SHAOXING (CINA). È difficile trovare difetti ad una squadra, probabilmente una delle poche al mondo, ancora imbattuta dopo quattordici gare ufficiali; ma, si sa, nello sport si tende sempre a spingere l’asticella un po’ più in là e a non accontentarsi, soprattutto a questi livelli internazionali. «Abbiamo giocato una gara discreta - dice coach Daniele Santarelli a fine partita -, soffrendo un po’ a muro e il gioco del Guangdong: non è mai semplice affrontare le squadre cinesi, perché hanno combinazioni abbastanza ampie». Ad alcune di queste combinazioni è arrivato il suo collega Yan dopo che le stelle Rabadzhieva e Kosheleva si sono spente, sbattendo contro il muro gialloblù. «Nonostante un po’ di sofferenza in ricezione (Sylla al 30%, ndr), abbiamo tenuto bene il cambio palla; è servita tanta pazienza per ottenere i punti». Il pensiero, ora più rilassato, ma non troppo, va già alle prossime ore e alle scelte da fare. «Con la vittoria in tre set - chiude Santarelli - abbiamo risparmiato molte energie: oggi è una giornata importante di riposo prima della gara col Minas, decisiva per il primo posto». E magari, se arrivassero i due set necessari, si potrà vedere, prima delle gare decisive per le medaglie, un’ampia rotazione con la panchina, come successe a Kazan nella Champions 2017/2018. «Siamo molto contente del risultato - confessa Monica De Gennaro -, anche se, dopo un primo set perfetto, abbiamo commesso troppi errori in seguito.
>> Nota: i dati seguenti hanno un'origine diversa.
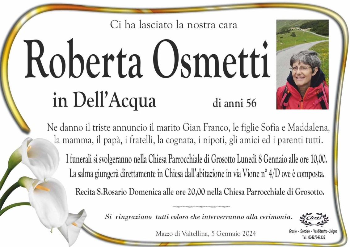 Lascia un messaggio di cordoglio, lo recapiteremo ai familiari di Osmetti Roberta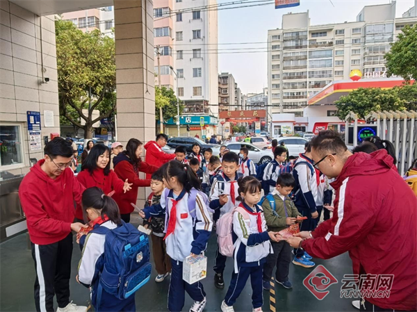 清晨,昆明高新一小教育集团科医路校区校门口暖意融融,校级领导与各部门主任身着红色上衣,早早等候在校门口,为入校的孩子们亲手送上定制的“马年福卡”,一张张福卡承载着新学期的美好期许,让孩子们在入校伊始便感受到满满的温暖与祝福。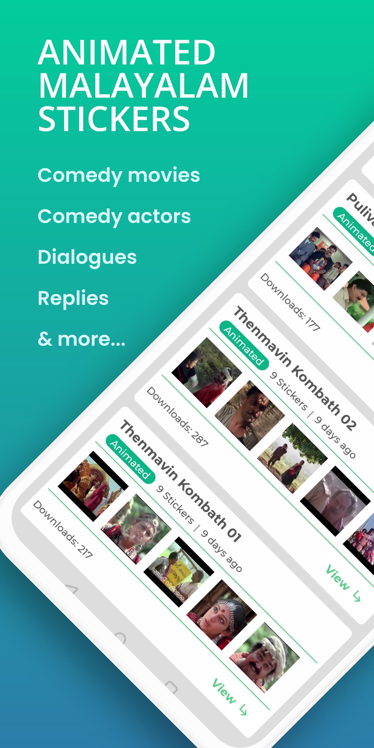 Malayalam animated stickers provides good collection of Malayalam stickers for whatsapp. It contains the best whatsapp stickers which helps you to add much fun in your whatsapp chat and make it more interesting. We added animated stickers across different categories from famous movies, TV shows, web series, cartoons, sports etc. Animated stickers are the best ways to express your feeling and emotions in your replies.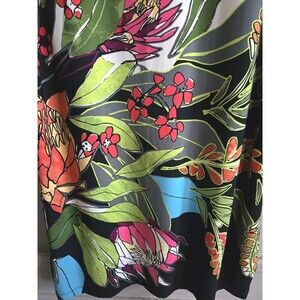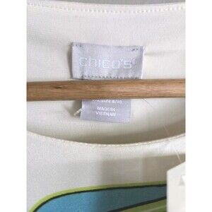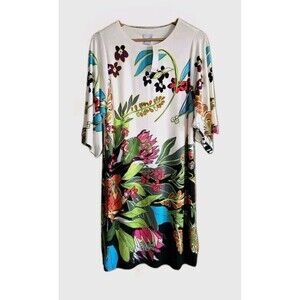 Elevate your wardrobe with this stunning Chico's shift dress in a beautiful multicolored floral print. The dress features 3/4 length kimono sleeves and a round neckline with a pullover closure. It comes in a size medium, with a knee-length hemline and is made of stretchy knit polyester fabric that ensures comfort and ease of movement.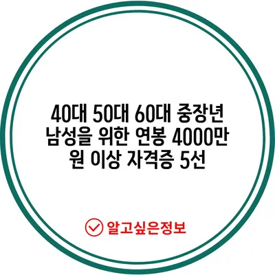 40대 50대 60대 중장년 남성을 위한 연봉 4000만 원 이상 자격증 5선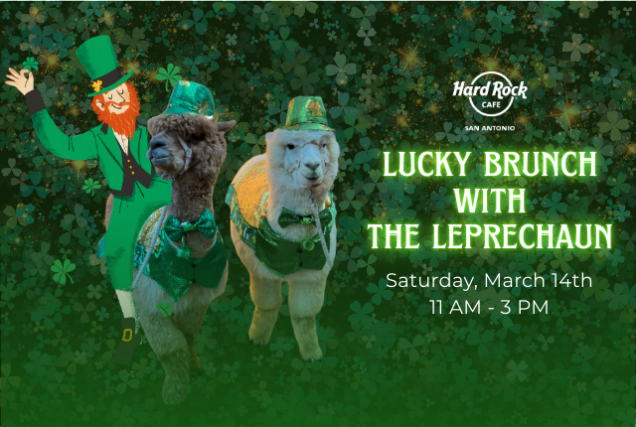 Join us at Hard Rock Cafe San Antonio for a Lucky Brunch with The Leprechaun! π©π Strike a pot of gold with our Chef Specialty brunch buffet, a coloring sheet station, a DIY St. Patty's temporary tattoo station music, family photos with The Leprechaun, and a special petting zoo featuring many lucky guests! β¨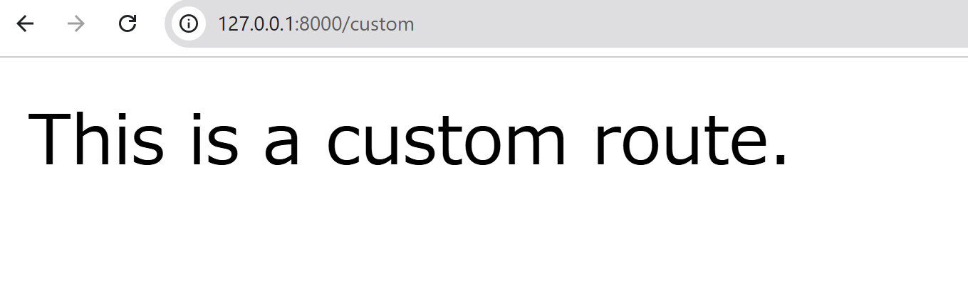 このコードでは、/customにアクセスした際に、This is a custom route.というメッセージが表示されるようしています。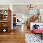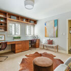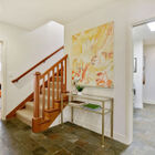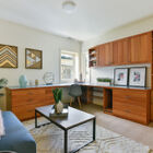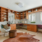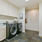 The lower level has a private entrance and the potential for conversion into a separate apartment. The flexible circular floor plan includes a spacious family/entertainment room with speaker system and built-in desk and shelves--ideal for doing homework or relaxing in front of the TV. The two generous bedrooms are currently configured as offices with built-in wood desks and shelves and large closets. They share a full bath with slate floor, walk-in shower, and wood-topped vanity with storage. Also on this level is a large laundry room with new Electrolux W/D, a utility sink, and ample drawers and cabinets. Stairs lead down to the huge 2-car garage.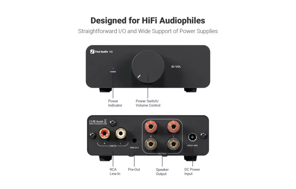 Emeld fel asztali audio rendszered vagy alakíts ki dinamikus házimozi beállítást a Fosi Audio V3 sztereó erősítővel. Ez a sokoldalú erősítő erőteljes hangzást biztosít, tiszta és dinamikus hangot biztosítva passzív hangszóróid számára.
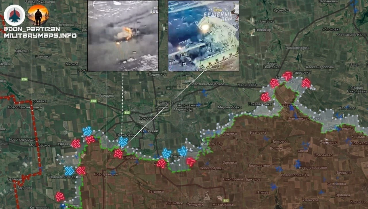 На Красноармейском направлении в районе Успеновки продолжаются наши атаки. В северной части Песчаного идёт зачистка. В районе Котлино - без изменений, сообщает в Telegram-канале военкор Евгений Лисицын.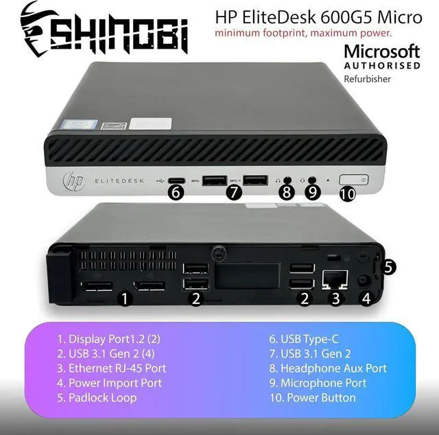 As a Microsoft Authorized Refurbisher, Refurb Ninja professionally renews each system through rigorous testing and certification. The EliteDesk 600 G5 Micro is a smart, sustainable solution for users seeking reliable performance in a compact package.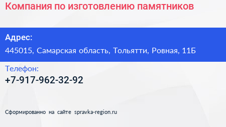 Компания по изготовлению памятников по адресу 445015, Самарская область, Тольятти, Ровная, 11Б в дальнейшем Организация, размещена в следующих категориях: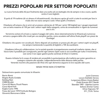 Prezzi popolari per settori popolari: la richiesta dei gruppi delle tifoserie di A2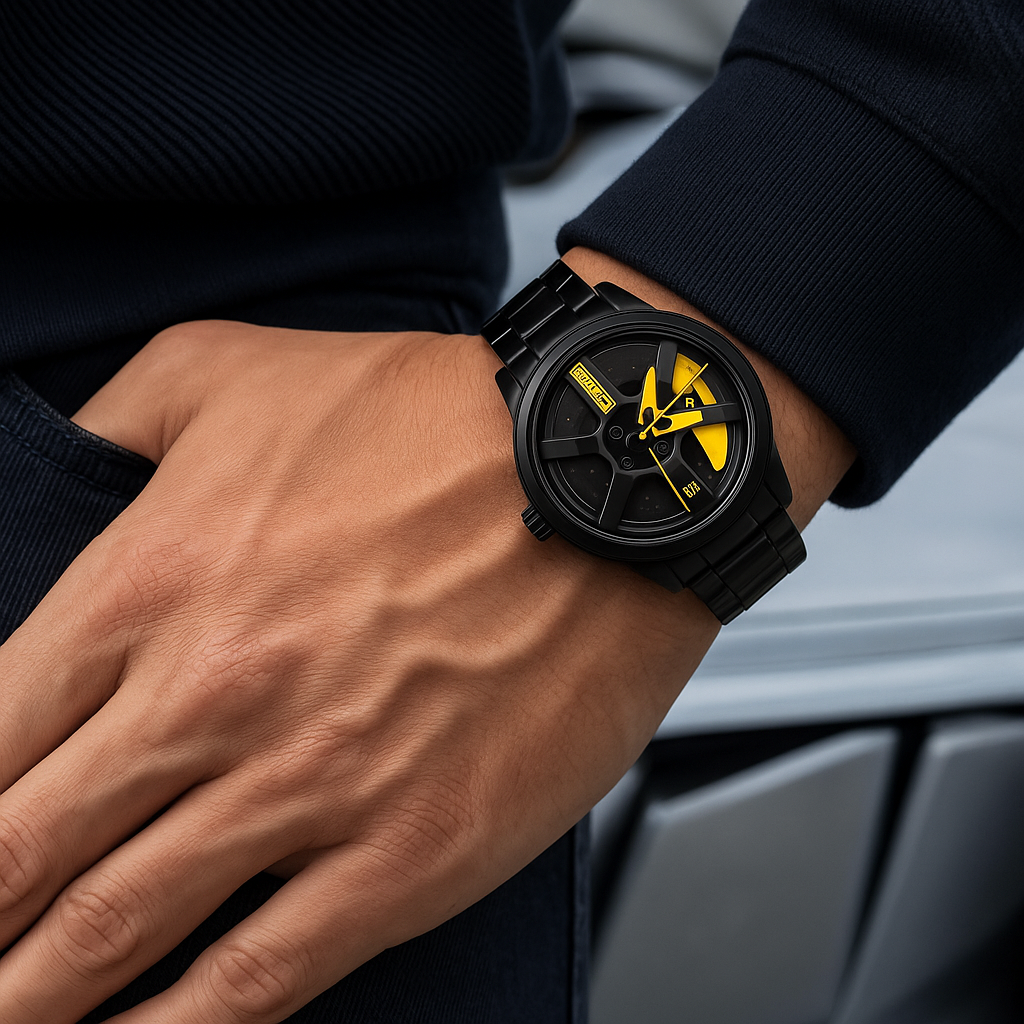 • Unique rotating wheel rim dial (inspired by sports cars)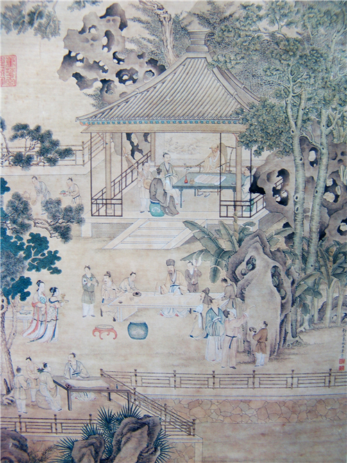 如仇英的《临宋人画轴》就展示了一个并不奢华却意境别致的明代文人书房。画面中心一屏一榻,屏是独扇的山水插屏,榻上坐一个文人,脚下是一个脚踏;床右侧置一靠几,既可靠在身后,又可搭放脚足。画面右侧的书案、绣墩显然并非名贵木材制成,但案上书卷琴棋整齐有序。床榻旁站一童子,手持注子向盏中注酒。酒盏边除了果盘之外,又设砚台一方。画面左下角是一个茶炉,纱罩下放着饮茶用的托盏。明代文人书房中通常少不了两样东西,一是琴,因为要携琴访友;一是茶炉,讲究烹茶待客。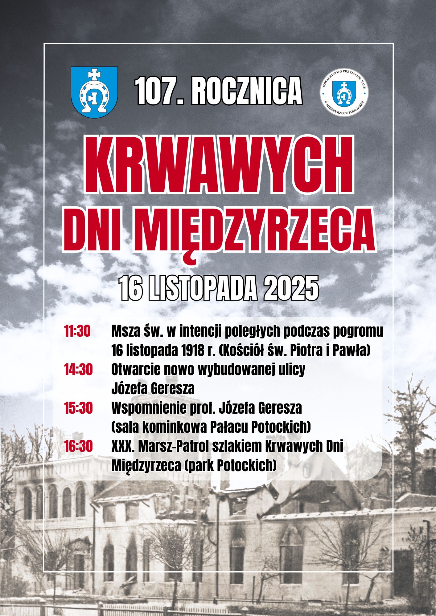 Przypomnijmy – 16 listopada 1918 roku w Międzyrzecu Podlaskim, podczas pacyfikacji będącej reakcją na rozbrojenie niemieckiego garnizonu, zginęły co najmniej 44 osoby – 22 żołnierzy POW oraz co najmniej 22 osoby cywilne. 16 listopada każdego roku mieszkańcy miasta i gminy Międzyrzec gromadzą się, by uczcić pamięć ofiar tzw. Krwawych Dni Międzyrzeca.

Loro sono una squadra fastidiosa, sia con Kosheleva e Rabadzhieva, sia con le loro sostitute che giocavano veloce passando in mezzo al nostro muro. La vittoria ci mette più tranquille in vista della partita col Minas». «Il nostro punto di forza - spiega l’mvp del match, Kim Hill - è stato giocare molto bene di squadra; è quello che cerchiamo di fare abitualmente. Non sono fino a dove potremo arrivare: siamo contente per le due vittorie, ma pensiamo una gara alla volta, facendo del nostro meglio». —

M.C.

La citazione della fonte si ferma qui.